Finding networks in biological systems at different scales, from single molecules to groups of organisms. Some history of statistical physics approaches. Experimental progress and its implications. Maximum entropy methods as a link between emerging data and statistical physics models. Agenda for the rest of the lectures.
The simplest model: constant speeds, local correlations. Correct prediction of long-ranged correlations; do birds know Goldstone's theorem? Checking the sufficiency of local correlations; an aside about model comparison and Occam factors. Varying speeds and a fuller description. Are flocks poised near a critical point?
The protein folding problem, and its inverse: the ensemble of sequences consistent with structure and function. Early experimental approaches, connections to maximum entropy. Approximation schemes, identifying local interactions; can we fold proteins from sequence statistics? Limitations from data set size, scaling back the problem to something we can solve. Criticality again?

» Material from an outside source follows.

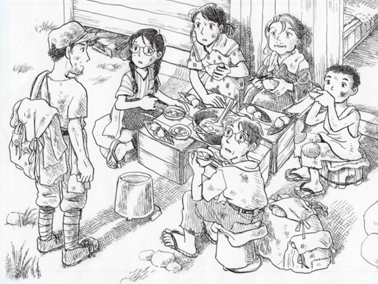
昭和21年(1946) 「この史代が描いた昭和のくらし」より 画：この史代/平成23年(2011)

Some ideas about pattern formation in embryos. Basic facts about the fruit fly. Signals, noise, and information flow in genetic networks. Measuring positional information in real embryos; signatures of optimality. How would we recognize a critical network? Evidence from the fly. Biological function of criticality. Ideas for a new generation of experiments.
Reminder of Hopfield and other physics-based models. Minimal implications of widespread, weak correlations in simple networks. The hard work of building accurate models for 10, 50, 100, ... neurons in the retina. From statistical mechanics to thermodynamics. Asides about recording methods and scaling up to bigger networks. First steps in the hippocampus, C elegans, perhaps more. Critical phenomenology, and ruling out less interesting alternative explanations. Tuning, adaptation, learning.